Germanwatch hat Hähnchen 2019 auf Antibiotikaresistenzen überprüft und dort einen großen Unterschied zwischen bio und konventionell festgestellt: "Billig-Hähnchen aus Discountern sind zu 56 Prozent mit Keimen kontaminiert, die resistent sind gegen Antibiotika. Dabei ist mehr als jedes dritte Hähnchen mit Keimen belastet, die Resistenzen gegen Reserveantibiotika aufweisen. Reserveantibiotika wie Colistin werden bei Menschen als letzte Mittel gegen Infektionserkrankungen eingesetzt, wenn andere Antibiotika nicht mehr wirken. Oft können solche Resistenzen artübergreifend an Menschen und Tiere verbreitet werden." und "Bei [...] Öko-Hähnchenfleischproben wurden gar keine antibiotikaresistenten Keime gefunden." https://germanwatch.org/sites/germanwatch.org/files/Analyse%20von%20H%C3%A4hnchenfleisch%20auf%20antibiotikaresistente%20Erreger.pdf Beim horizontalen Gentransfer per Plasmide ist trotz kochen eine Verbreitung der Resistenz prinzipiell denkbar und zumindest mittelfristig bedenklich.

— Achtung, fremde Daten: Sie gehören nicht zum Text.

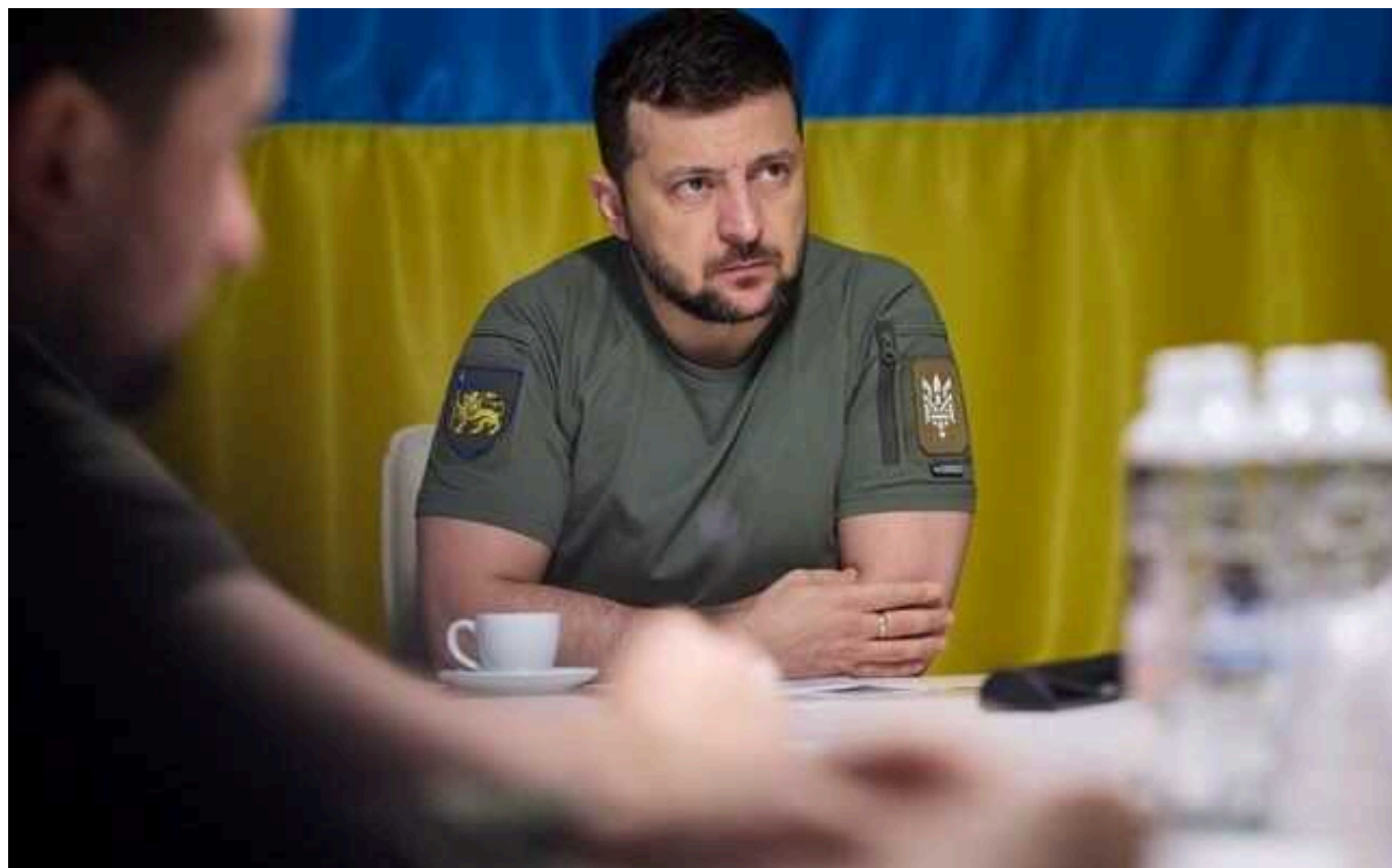
Зеленський провів першу Ставку в оновленому складі: доповідав Сирський і не лише

Президент Володимир Зеленський сьогодні, 12 лютого, провів засідання Ставки верховного головнокомандувача в оновленому складі. Серед іншого обговорювалося питання фронту та забезпечення армії снарядами.

Engel1984 am 26.07.2019 um 11:25 Uhr

Kommentar vom Administrator gelöscht. Grund: Schleichwerbung

Profilbild Stiftung_Warentest am 17.01.2017 um 18:38 Uhr
Schadstoffe und Pestizide

@TheClub: Die verschiedenen Themen im Buch (tägliche Aufnahme an Kalorien, Nährwerte, usw.) richten sich nach den Empfehlungen der DGE, die diese auf Basis wissenschaftlicher Studien ausspricht. Wenn Sie sich für einen speziellen Bereich zum Thema Ernährung interessieren, finden Sie die Empfehlung dazu auf der Seite der DGE (www.dge.de), zusammen mit den jeweiligen Studien. Bei jeder unserer Untersuchungen geben wir die Testkriterien (z.B. nach welchen Schadstoffen wurde gesucht, etc.) in der Rubrik 'So haben wir getestet' bekannt. Dieser Artikel ist eine Zusammenfassung von 50 Lebensmitteluntersuchungen, die nach unterschiedlichsten Kriterien untersucht wurden. Eine Untersuchung von Speiseeis ist eben nur schwer mit einer Untersuchung von Kräutertees zu vergleichen. (SL)

TheClub am 16.01.2017 um 11:28 Uhr
Schadstoffe und Pestizide

Leider hält der Bericht einer Expertendiskussion nicht stand, da nicht daraus hervorgeht, auf welche Schadstoffe getestet wurde. Wurde nur auf bekannte Pestizide und Schadstoffe konventioneller Landwirtschaft getestet, so hat dieser Test leider keine Aussagekraft darüber, ob Bio-Gemüse nun wirklich gesünder ist. Aber das geht halt nicht aus diesem Test hervor. Ich habe zwar weniger als einen Euro für den Test ausgegeben, von daher ist das jetzt kein finanzieller Schaden entstanden :), aber diesbezüglich hätte ich mir mehr Informationen erhofft, um den Bio-Gegner mal etwas entgegen zu setzen.